Deshacerse del moho enquistado que acumulan las tétricas paredes de ladrillos asimétricos, ventanas medio abiertas y balcones que asoman a un paisaje de árboles de plástico.
Acostumbrarse a que se peguen las lentejas, a que batallen los garbanzos o enseñen su lascivia imperecedera esos fideos que inventan eternas coreografías más allá del “avecrem” o de la sopa rápida desnatada y sin tiempo.
Amarte con la prisa justa de un segundo eterno o del siglo que acumula verdades a medias entre juicios y fuego. Dejar que la vanidad del instante lo borre todo para renacerlo después entre bautismos inútiles y comuniones sin velo.
Es la eterna incógnita, la fórmula inexacta que explosiona entre el oxígeno y el beso, la variable que llena de luz el átomo que retoma el barro bajo el mismo llanto de la órbita y el sueño.
Es amar todavía, pese a todo, pese al tiempo y la memoria.
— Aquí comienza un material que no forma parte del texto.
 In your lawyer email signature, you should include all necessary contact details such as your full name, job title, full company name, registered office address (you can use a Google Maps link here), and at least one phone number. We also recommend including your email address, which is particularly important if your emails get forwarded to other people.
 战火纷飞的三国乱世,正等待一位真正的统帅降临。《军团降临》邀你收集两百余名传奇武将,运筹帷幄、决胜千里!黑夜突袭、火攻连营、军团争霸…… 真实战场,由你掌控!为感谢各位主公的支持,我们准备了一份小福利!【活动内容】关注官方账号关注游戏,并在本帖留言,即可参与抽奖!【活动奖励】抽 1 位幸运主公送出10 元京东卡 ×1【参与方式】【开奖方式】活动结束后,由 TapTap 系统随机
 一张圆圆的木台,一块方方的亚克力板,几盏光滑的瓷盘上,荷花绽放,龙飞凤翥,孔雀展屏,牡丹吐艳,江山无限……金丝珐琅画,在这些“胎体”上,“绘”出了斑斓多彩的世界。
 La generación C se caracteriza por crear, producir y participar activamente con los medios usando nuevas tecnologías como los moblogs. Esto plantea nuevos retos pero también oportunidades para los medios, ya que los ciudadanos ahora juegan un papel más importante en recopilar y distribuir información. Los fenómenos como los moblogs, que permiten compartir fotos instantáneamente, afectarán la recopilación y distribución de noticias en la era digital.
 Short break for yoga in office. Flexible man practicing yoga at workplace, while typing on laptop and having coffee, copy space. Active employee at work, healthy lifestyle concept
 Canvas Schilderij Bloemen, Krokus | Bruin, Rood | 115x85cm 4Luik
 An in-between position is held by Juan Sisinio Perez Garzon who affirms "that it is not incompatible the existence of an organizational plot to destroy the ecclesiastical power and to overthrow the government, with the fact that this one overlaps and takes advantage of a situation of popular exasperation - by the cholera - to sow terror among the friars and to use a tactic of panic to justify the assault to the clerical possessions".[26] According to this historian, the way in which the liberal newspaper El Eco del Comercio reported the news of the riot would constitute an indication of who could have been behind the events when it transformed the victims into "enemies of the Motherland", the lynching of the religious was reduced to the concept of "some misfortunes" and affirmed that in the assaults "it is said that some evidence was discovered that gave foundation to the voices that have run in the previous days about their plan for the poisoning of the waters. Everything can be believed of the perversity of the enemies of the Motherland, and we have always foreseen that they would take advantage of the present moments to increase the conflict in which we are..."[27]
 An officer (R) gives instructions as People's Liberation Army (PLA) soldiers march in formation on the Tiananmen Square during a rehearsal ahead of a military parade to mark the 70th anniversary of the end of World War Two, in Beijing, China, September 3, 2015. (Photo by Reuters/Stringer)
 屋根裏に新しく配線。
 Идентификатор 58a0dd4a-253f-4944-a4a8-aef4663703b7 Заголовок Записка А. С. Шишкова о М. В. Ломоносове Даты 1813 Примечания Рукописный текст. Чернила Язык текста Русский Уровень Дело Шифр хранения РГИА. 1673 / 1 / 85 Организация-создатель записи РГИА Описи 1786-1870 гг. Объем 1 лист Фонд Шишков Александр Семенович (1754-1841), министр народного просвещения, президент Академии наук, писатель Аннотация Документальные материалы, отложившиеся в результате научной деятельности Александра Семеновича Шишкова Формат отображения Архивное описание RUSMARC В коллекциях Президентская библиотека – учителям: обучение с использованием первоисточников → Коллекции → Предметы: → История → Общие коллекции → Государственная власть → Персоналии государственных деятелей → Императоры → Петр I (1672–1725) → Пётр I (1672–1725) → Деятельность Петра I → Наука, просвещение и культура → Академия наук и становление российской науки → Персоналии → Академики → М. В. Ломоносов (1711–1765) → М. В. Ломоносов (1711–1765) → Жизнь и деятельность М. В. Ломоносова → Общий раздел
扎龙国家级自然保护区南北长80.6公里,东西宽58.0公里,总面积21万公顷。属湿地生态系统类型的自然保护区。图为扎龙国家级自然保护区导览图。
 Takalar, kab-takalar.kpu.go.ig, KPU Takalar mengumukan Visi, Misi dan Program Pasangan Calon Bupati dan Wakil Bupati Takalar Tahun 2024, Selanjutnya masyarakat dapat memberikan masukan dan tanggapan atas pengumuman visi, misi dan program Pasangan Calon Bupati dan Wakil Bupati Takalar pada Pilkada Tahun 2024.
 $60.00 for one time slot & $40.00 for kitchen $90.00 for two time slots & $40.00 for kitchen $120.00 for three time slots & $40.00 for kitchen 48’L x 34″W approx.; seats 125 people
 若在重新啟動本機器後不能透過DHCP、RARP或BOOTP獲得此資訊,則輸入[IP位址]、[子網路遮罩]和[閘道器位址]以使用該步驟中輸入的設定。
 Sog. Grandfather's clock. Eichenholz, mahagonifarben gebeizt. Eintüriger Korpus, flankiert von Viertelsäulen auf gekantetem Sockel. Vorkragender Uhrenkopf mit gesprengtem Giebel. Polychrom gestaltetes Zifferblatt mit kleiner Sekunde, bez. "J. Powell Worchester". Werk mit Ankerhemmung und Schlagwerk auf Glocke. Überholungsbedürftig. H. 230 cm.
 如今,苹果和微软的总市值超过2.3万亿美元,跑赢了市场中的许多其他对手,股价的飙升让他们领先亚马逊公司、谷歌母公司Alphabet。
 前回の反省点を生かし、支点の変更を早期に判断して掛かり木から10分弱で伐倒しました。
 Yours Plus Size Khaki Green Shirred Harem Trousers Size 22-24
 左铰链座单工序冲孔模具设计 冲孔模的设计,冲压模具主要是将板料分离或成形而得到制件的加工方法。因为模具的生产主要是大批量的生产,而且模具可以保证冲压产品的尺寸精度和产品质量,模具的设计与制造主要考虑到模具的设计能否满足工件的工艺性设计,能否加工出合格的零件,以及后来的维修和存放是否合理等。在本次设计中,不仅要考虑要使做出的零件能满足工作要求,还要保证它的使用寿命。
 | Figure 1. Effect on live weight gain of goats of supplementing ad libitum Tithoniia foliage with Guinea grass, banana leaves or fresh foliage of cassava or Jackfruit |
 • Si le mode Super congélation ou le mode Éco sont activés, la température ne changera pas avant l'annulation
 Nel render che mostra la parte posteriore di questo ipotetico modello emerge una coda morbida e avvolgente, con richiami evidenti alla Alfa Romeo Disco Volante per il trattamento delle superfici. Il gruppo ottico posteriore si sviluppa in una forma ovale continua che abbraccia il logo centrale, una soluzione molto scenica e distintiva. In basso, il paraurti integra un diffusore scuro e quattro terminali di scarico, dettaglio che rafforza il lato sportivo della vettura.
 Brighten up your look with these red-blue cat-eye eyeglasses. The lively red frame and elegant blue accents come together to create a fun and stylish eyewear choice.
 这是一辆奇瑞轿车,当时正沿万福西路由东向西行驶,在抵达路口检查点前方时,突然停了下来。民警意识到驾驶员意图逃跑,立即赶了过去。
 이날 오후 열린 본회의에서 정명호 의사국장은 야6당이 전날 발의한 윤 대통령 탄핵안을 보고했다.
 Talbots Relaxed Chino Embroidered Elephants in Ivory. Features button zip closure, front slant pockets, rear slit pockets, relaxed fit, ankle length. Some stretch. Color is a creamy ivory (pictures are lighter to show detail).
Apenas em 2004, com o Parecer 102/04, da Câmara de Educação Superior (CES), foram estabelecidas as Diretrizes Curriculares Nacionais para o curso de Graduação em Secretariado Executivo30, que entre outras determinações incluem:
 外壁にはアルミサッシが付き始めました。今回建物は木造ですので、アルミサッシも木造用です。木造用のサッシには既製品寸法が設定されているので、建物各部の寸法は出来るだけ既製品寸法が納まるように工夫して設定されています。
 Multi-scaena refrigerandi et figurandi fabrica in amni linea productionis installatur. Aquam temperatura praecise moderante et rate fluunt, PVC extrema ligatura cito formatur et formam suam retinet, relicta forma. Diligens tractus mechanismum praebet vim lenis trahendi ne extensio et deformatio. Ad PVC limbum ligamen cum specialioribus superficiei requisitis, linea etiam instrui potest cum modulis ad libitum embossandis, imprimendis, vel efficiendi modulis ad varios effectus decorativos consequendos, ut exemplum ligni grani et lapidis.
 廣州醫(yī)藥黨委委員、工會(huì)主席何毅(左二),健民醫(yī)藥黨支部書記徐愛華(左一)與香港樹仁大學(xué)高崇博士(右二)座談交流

Más allá de nosotros mismos, de los labios y los brazos. Mucho más lejos de toda lógica, como si un dios sin miedo nos hubiera unido en el horizonte de una ensoñación retórica sólo apta para el olvido del fuego, de la nada brutal y cotidiana que desliza sus tentáculos de perecedera eternidad en el trasfondo del calendario.